Sandby-Møller Jane, Thieden Elisabeth, Alshede Philipsen Peter, Schmidt Grethe, Wulf Hans Christian
Department of Dermatology, Bispebjerg Hospital, University of Copenhagen, Copenhagen, Denmark.
Photodermatol Photoimmunol Photomed. 2004 Feb;20(1):41-6. doi: 10.1111/j.1600-0781.2004.00062.x.
BACKGROUND/PURPOSE: The accumulation of fluorophores in the ocular lens with age might be caused by ultraviolet solar radiation (UVR) exposure, but evidence of a relation between individual cumulative UVR exposure and lens autofluorescence is lacking. Individually determined UVR exposure has never before been related to lens autofluorescence, and the aim of this study was to investigate if ocular lens blue autofluorescence can be used as a biological UVR dosimeter.
Ocular lens autofluorescence was quantified in vivo by fluorescence spectroscopy in 145 volunteers (108 healthy subjects, 18 with basal cell carcinoma (BCC) and 19 with cutaneous malignant melanoma (MM)). The excitation wavelength was 350 nm and the fluorescence emission was 450 nm. Individual UVR exposure data were collected both retrospectively and prospectively using questionnaires and electronic personal UVR dosimeters.
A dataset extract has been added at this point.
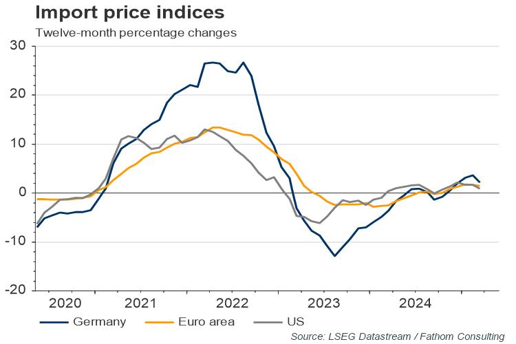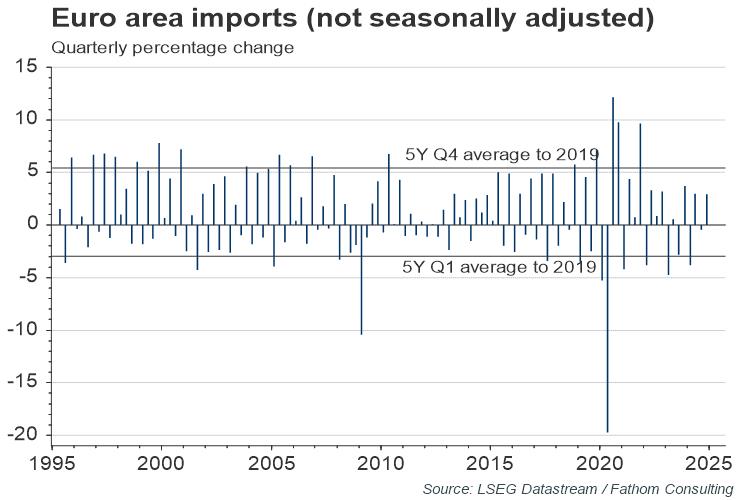 The first piece of luck is the timing of the disruption. Imports are seasonal, with Europe importing more in Q4 than in Q1, due to the festive season. Disruptions in the Red Sea really escalated at the end of 2023 and so did not have a material impact during the busiest quarter. In the five years to 2019 (pre-COVID), quarterly import growth for the euro area was 5.4%. The quarterly figure tends to drop by 2.2% in Q1. The disruptions so far this year have come at a good time. Of course, this benefit will not be sustained if disruptions remain in place throughout the year.

Lens blue autofluorescence increased significantly with age (P=0.01), and females had significantly higher autofluorescence than males (P=0.024); the two factors explained 10% of the total variation in lens autofluorescence. Neither smoking habits nor use of glasses/contact lenses or sunglasses influenced autofluorescence. No correlations between autofluorescence and UVR exposure measurements were found, and neither was there a difference in autofluorescence between groups with high and low UVR exposure (P-values>0.1), respectively. MM patients had significantly (P=0.019) higher autofluorescence than healthy subjects when age and sex differences were taken into account; no such difference (P=0.097) was detected between BCC patients and healthy subjects.
The results indicate that age and gender only play a minor role in the level of lens blue autofluorescence. Exposure to UVR has been suggested to be responsible for a part of the age-related increase in autofluorescence, but this could not be confirmed in this study. The higher level of lens autofluorescence found in MM patients might be due to genetics rather than higher cumulative UVR exposure. In conclusion, ocular lens blue autofluorescence cannot be used as a biological UVR dosimeter.
背景/目的:随着年龄增长,荧光团在眼晶状体中的积累可能是由于紫外线太阳辐射(UVR)暴露所致,但缺乏个体累积UVR暴露与晶状体自发荧光之间关系的证据。此前,个体确定的UVR暴露从未与晶状体自发荧光相关联,本研究的目的是调查眼晶状体蓝色自发荧光是否可作为一种生物UVR剂量计。
通过荧光光谱法对145名志愿者(108名健康受试者、18名基底细胞癌(BCC)患者和19名皮肤恶性黑色素瘤(MM)患者)的眼晶状体自发荧光进行体内定量。激发波长为350nm,荧光发射波长为450nm。使用问卷和电子个人UVR剂量计回顾性和前瞻性地收集个体UVR暴露数据。
晶状体蓝色自发荧光随年龄显著增加(P=0.01),女性的自发荧光显著高于男性(P=0.024);这两个因素解释了晶状体自发荧光总变异的10%。吸烟习惯、佩戴眼镜/隐形眼镜或太阳镜均不影响自发荧光。未发现自发荧光与UVR暴露测量值之间存在相关性,UVR暴露高、低组之间的自发荧光也无差异(P值>0.1)。考虑年龄和性别差异时,MM患者的自发荧光显著高于健康受试者(P=0.019);BCC患者与健康受试者之间未检测到此类差异(P=0.097)。
结果表明,年龄和性别在晶状体蓝色自发荧光水平中仅起次要作用。有人认为UVR暴露是与年龄相关的自发荧光增加的部分原因,但本研究无法证实这一点。MM患者晶状体自发荧光水平较高可能是由于遗传因素,而非更高的累积UVR暴露。总之,眼晶状体蓝色自发荧光不能用作生物UVR剂量计。